**PROBLEM DESCRIPTION**: In the listing below, find the line with "Blossoming Love Collection" and the line with "Θήκη για Galaxy", then return them and every line between them exactly, minus the pictures.
━━━━━ PROVIDED DATA
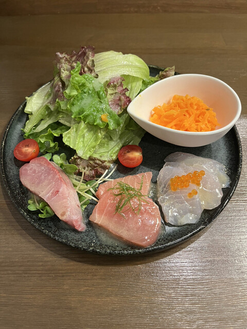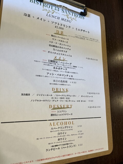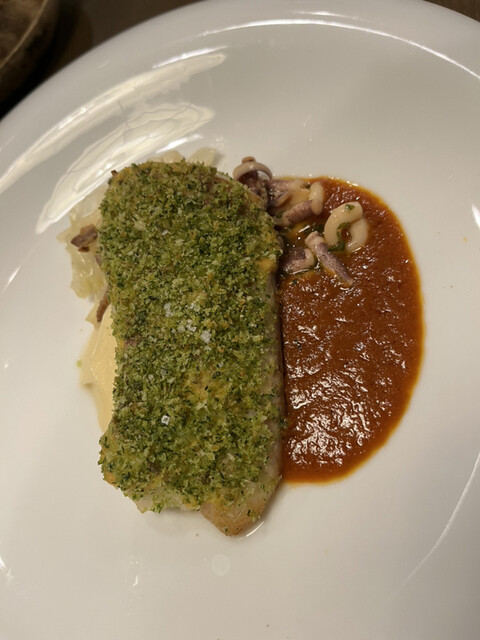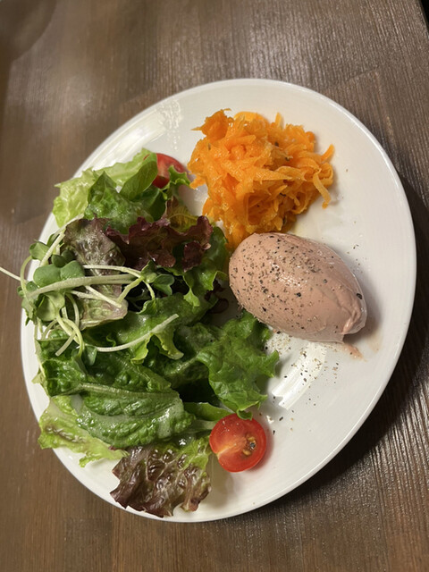 何度か利用させてもらっていますが、毎回美味しい前菜とメインが食べられて大満足です。まず、素晴らしいのが前菜です。選択できますが、レバーペーストが絶品です。ワインを頼めば何杯でも飲めてしまえそうな逸品です。もうひとつ、鮮魚のカルパッチョも外せません。その時々の魚が4、5種類並んでいてどれも美味しいです。そしてメインはその時々で変わるようで、今回は日曜限定のハンバーグを頼みました。初めて食べましたが、ハンバーグのようで、予想した形と全く異なり、驚きました。見た目はパン粉のようなものがまぶされていて、一瞬メンチカツ?と思ったほどです。切ってみると、確かに中はハンバーグですが、程よく火が通っており、焼き過ぎず、ハンバーグの概念刷新という感じでした。その衣部分は唐辛子の粉にいろいろ混ぜたもので、これがハンバーグによくあい、とても美味しかったです。驚きと美味しさとで、2度びっくりしました。またぜひ食べに行きたいです。
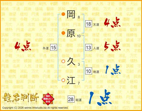 岡原久江さんの天運は18画の4点!
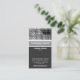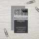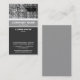 A business card template with an attractive vertical banded design in shades of grey and white with a decorative image texture area at the top. Company name and business type on the main band with Name, title and other address and contact details below, The reverse side of the card has been left blank with a mid grey flat colour. This can be left blank or further customized.
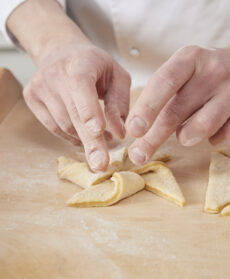 Il giorno seguente stendete la pasta sul piano infarinato a uno spessore di 1 cm e tagliatela in circa 15 quadrati da 10 cm di lato. Incidete i 4 angoli dei quadrati in diagonale senza arrivare fino al centro.
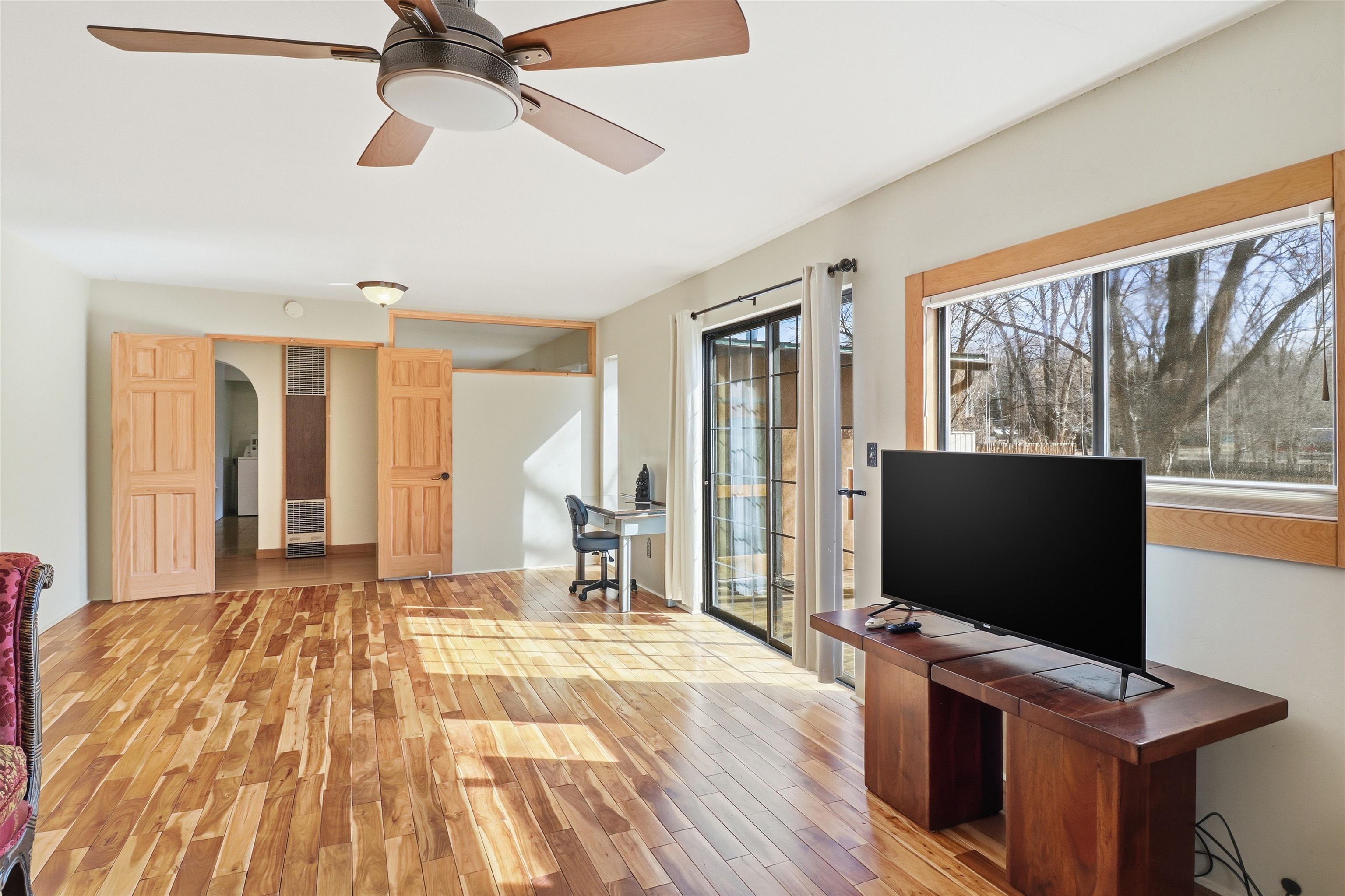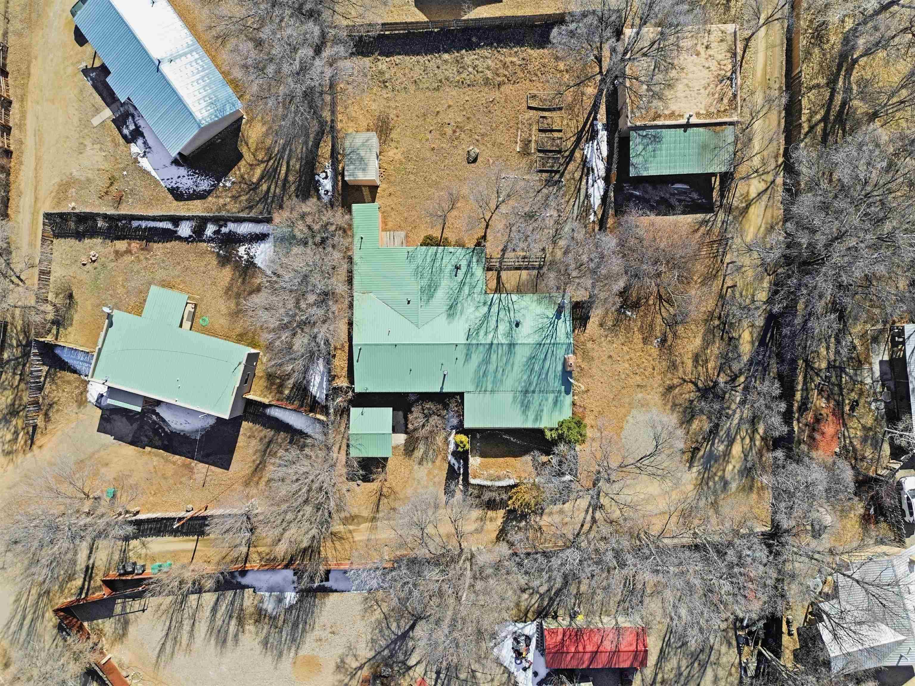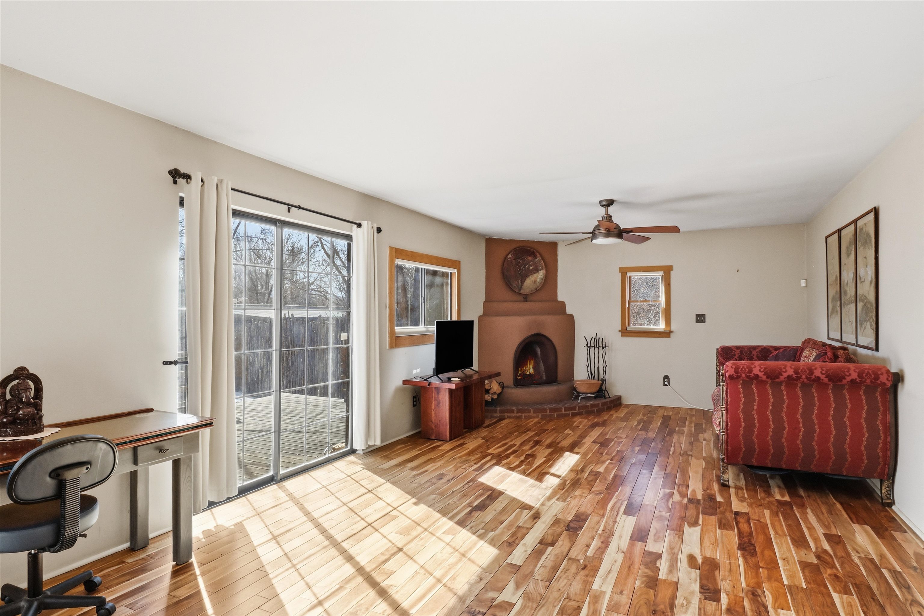 This charming DUPLEX at 104 Guthrie Lane #A & B, Taos, NM 87571 offers an exceptional opportunity for comfortable living with strong income-producing potential in a prime location just minutes from the center of Taos. The main house (#B) features a spacious eat-in kitchen with a separate pantry, lovely tile countertops, and serene garden views. The primary bedroom features cork flooring and an ensuite bathroom with beautiful tile accents. A second bedroom provides easy backyard access via a sliding glass door, a generous closet, and shares a full hall bath. The expansive living room showcases gorgeous wood floors and a cozy kiva fireplace, opening directly onto a large back deck perfect for relaxing or entertaining. An additional flexible living/multi-purpose room includes the washer/dryer and abundant space for a home office or studio. The attached guest house (#A) has proven itself as a reliable rental unit for years, delivering steady income. It features beautiful natural light, tile flooring, a fireplace, 2 bedrooms, a delightful 4-season sunroom, a fenced private courtyard, and its own storage shed—ideal for guests, long-term tenants, or vacation rentals. Outside, enjoy a large, fully fenced backyard—a gardener's dream with ample space for planting, outdoor activities, or pets. A large detached oversized 2-car garage provides plenty of room for vehicles, workshops, projects, or extra storage. Sited on a generous corner lot (approximately half a acre) in a peaceful cul-de-sac, this property offers tranquility while being conveniently close to Taos' shops, restaurants, galleries, and cultural attractions. Whether you're seeking a primary residence with guest/income suite, a multi-generational setup, or an investment property with built-in rental history, this property has it covered. Don't miss this rare combination of space, charm, and location!
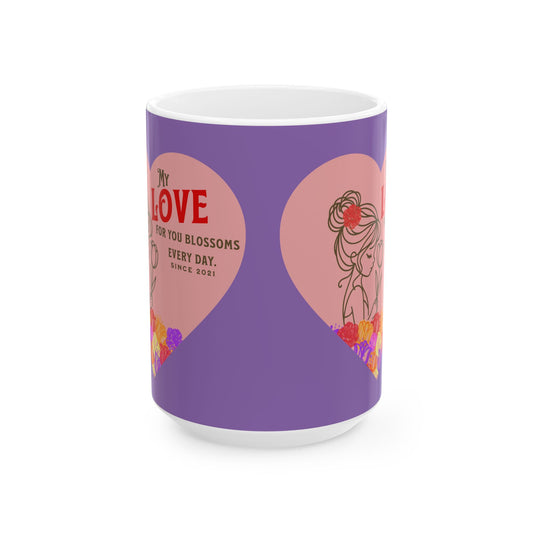 Blossoming Love Collection Ceramic Mug in Purple, (11oz, 15oz)
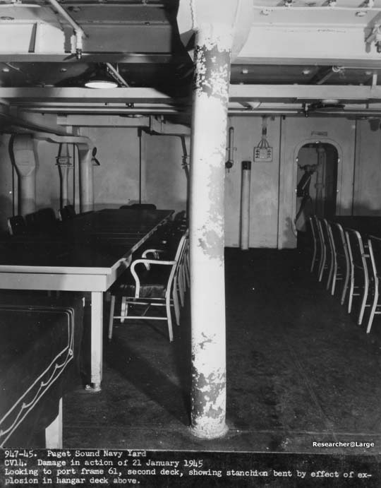 947-45 | Looking to port frame 61, second deck, showing stanchion bent by effect of explosion in hangar deck above. |
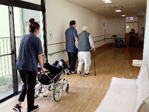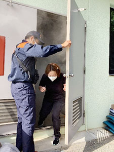 職員それぞれが役割分担し、宿直員は火災通報専用電話機を使用して消防署へ救助を要請。夜勤者は出火点に近い入所者から避難誘導を開始。
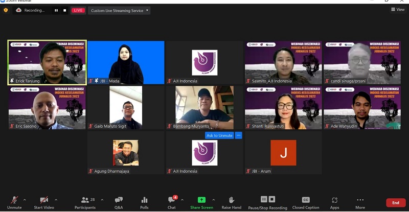 JAKARTA, Inibalikpapan.com – Aliansi Jurnalis Independen (AJI) Indonesia meluncurkan Indeks Keselamatan Jurnalis (IKJ) 2022 pada Rabu (19/10/2022) yang di gelar secara daring.
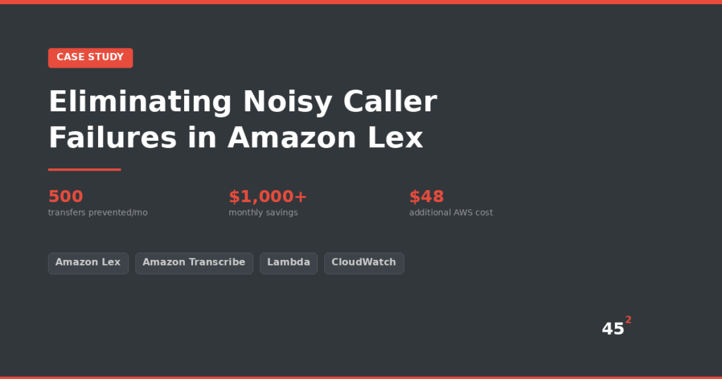 How we helped a client cut 500 unnecessary agent transfers per month by rearchitecting their Amazon Lex voice bot for noisy real-world environments.
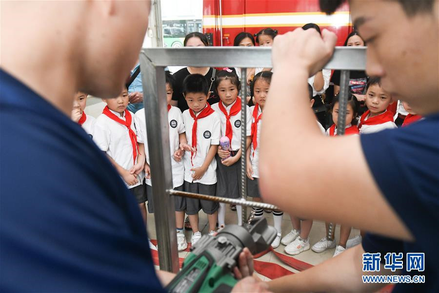 7月17日,消防隊員(前)在給小學生演示如何操作消防救援工具。 當日,安徽省合肥市逍遙津小學組織學生及家長走進合肥市消防救援支隊特勤大隊一中隊,通過學習消防知識,提高安全自救意識。 新華社記者 張端 攝
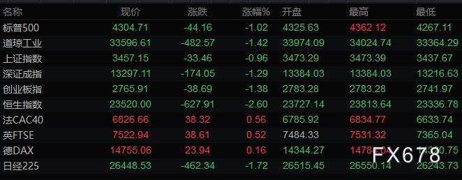 美股收盘情况:标普500指数下跌1%,报4304.76点;道琼斯工业平均指数下跌1.4%,报33596.61点;纳斯达克综合指数下跌1.2%,报13381.52点;纳斯达克100指数下跌1%,报13870.53点;罗素2000指数下跌1.5%,报1980.173点。
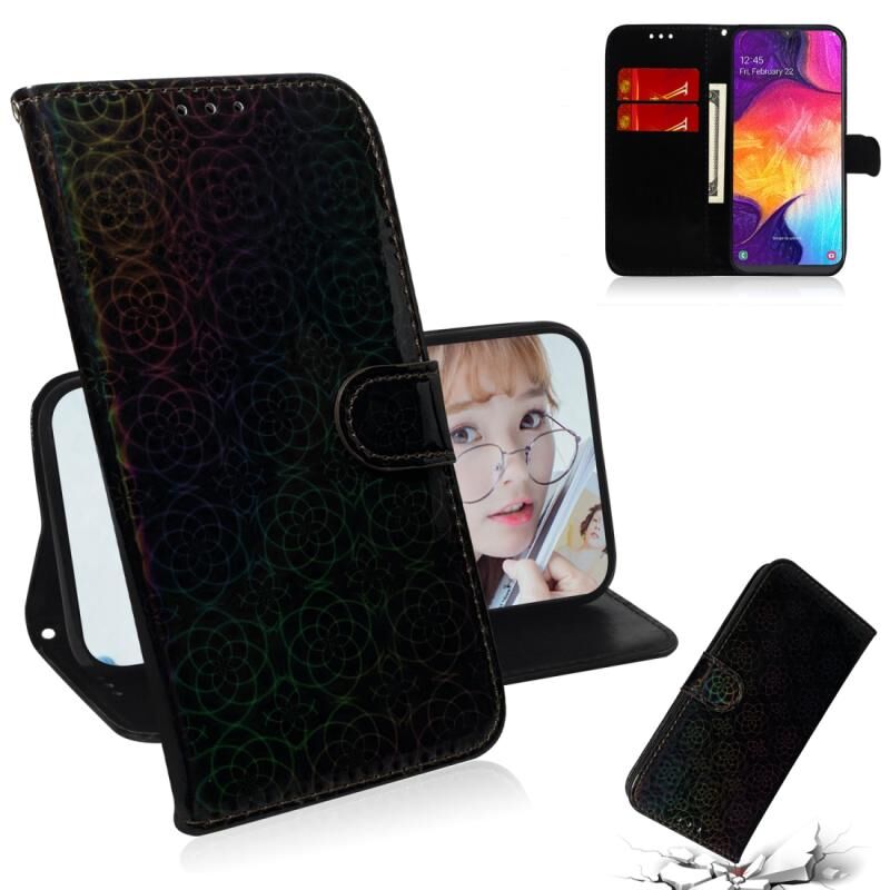 Θήκη για Galaxy A50, μονόχρωμη, πολύχρωμη, με μαγνητικό κούμπωμα, οριζόντια, από δερματίνη PU, με βάση στήριξης & θήκες για κάρτες & πορτοφόλι & κορδόνι (Μαύρο)
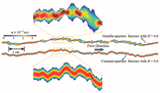 The flow fields in variable-aperture and constant-aperture fractures with H = 0.6 for Pe = 1000.
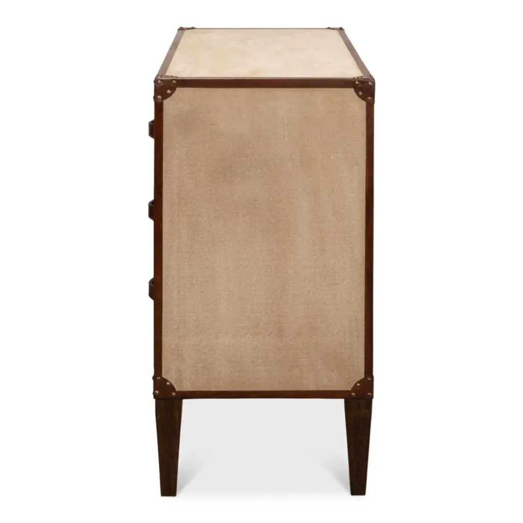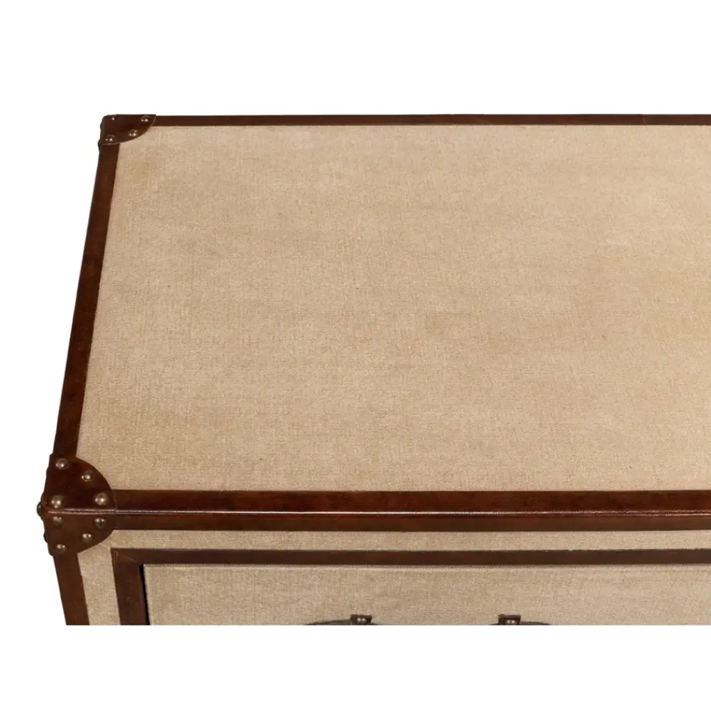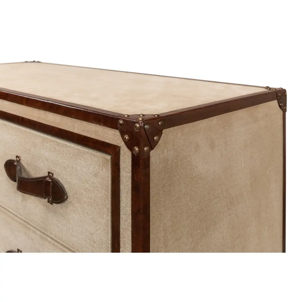 Details matter, and this french art deco 3-drawer chest checks all the boxes. Leather appointments adorn this gorgeous beige canvas chest. The waved bottom adds an unexpected feature.
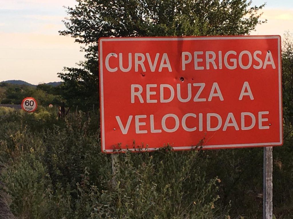 Ao chegar na curva, é possível observar que existe a sinalização por meio de placas, informando o perigo da curva e orientando aos condutores que reduzam a velocidade de 60 para 40km. Os letreiros estão visíveis para os condutores.
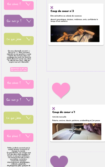 L'objectif premier était de traduire des concepts abstraits — comme des passions ou des ambitions futures — en une interface fluide et ergonomique. Pour y parvenir, j'ai mobilisé quatre compétences clés : Comprendre les attentes d'un visiteur sur un portfolio, Concevoir une arborescence logique, Exprimer mon univers à travers une charte graphique unique et Entreprendre la réalisation technique de A à Z. Techniquement, le but était de maîtriser Figma en profondeur, notamment via l'utilisation de l'Auto-layout pour une structure parfaite et des composants interactifs complexes pour donner vie à la navigation
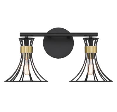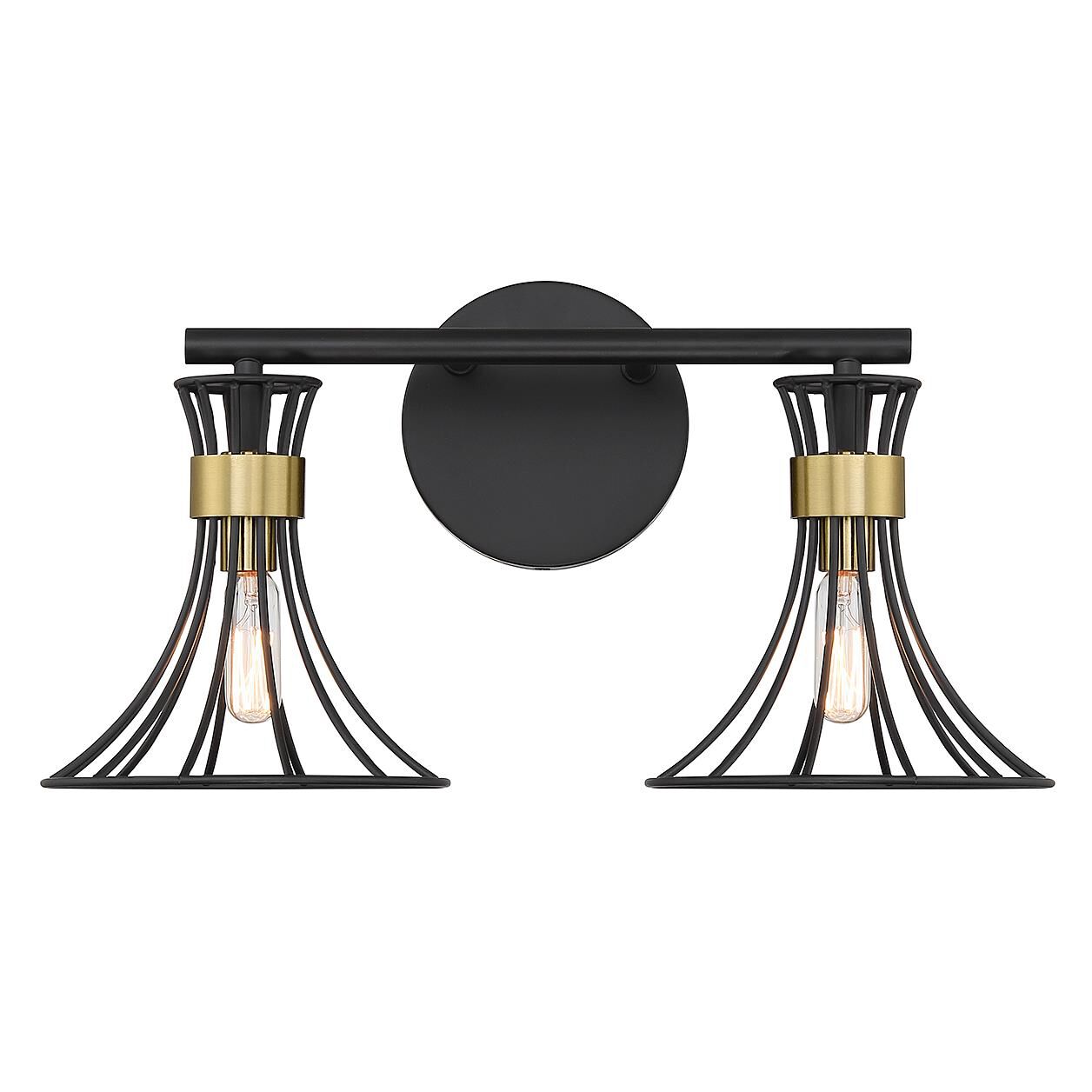 Add a fresh new take on midcentury modern style to any bathroom with this Savoy House Breur 2-light bath vanity light. It features dramatically curved wire frame shades finished in matte black and accented with warm brass collar details. Breur is 17.25" in width, 10.25" in height and extends 7.50" from the wall. It uses 2 candelabra size bulbs of up to 60 watts per bulb (bulbs not included).
━━━━━━━━━━
**EXERCISE RESULT**:
 Blossoming Love Collection Ceramic Mug in Purple, (11oz, 15oz)
 947-45 | Looking to port frame 61, second deck, showing stanchion bent by effect of explosion in hangar deck above. |
 職員それぞれが役割分担し、宿直員は火災通報専用電話機を使用して消防署へ救助を要請。夜勤者は出火点に近い入所者から避難誘導を開始。
 JAKARTA, Inibalikpapan.com – Aliansi Jurnalis Independen (AJI) Indonesia meluncurkan Indeks Keselamatan Jurnalis (IKJ) 2022 pada Rabu (19/10/2022) yang di gelar secara daring.
 How we helped a client cut 500 unnecessary agent transfers per month by rearchitecting their Amazon Lex voice bot for noisy real-world environments.
 7月17日,消防隊員(前)在給小學生演示如何操作消防救援工具。 當日,安徽省合肥市逍遙津小學組織學生及家長走進合肥市消防救援支隊特勤大隊一中隊,通過學習消防知識,提高安全自救意識。 新華社記者 張端 攝
 美股收盘情况:标普500指数下跌1%,报4304.76点;道琼斯工业平均指数下跌1.4%,报33596.61点;纳斯达克综合指数下跌1.2%,报13381.52点;纳斯达克100指数下跌1%,报13870.53点;罗素2000指数下跌1.5%,报1980.173点。
 Θήκη για Galaxy A50, μονόχρωμη, πολύχρωμη, με μαγνητικό κούμπωμα, οριζόντια, από δερματίνη PU, με βάση στήριξης & θήκες για κάρτες & πορτοφόλι & κορδόνι (Μαύρο)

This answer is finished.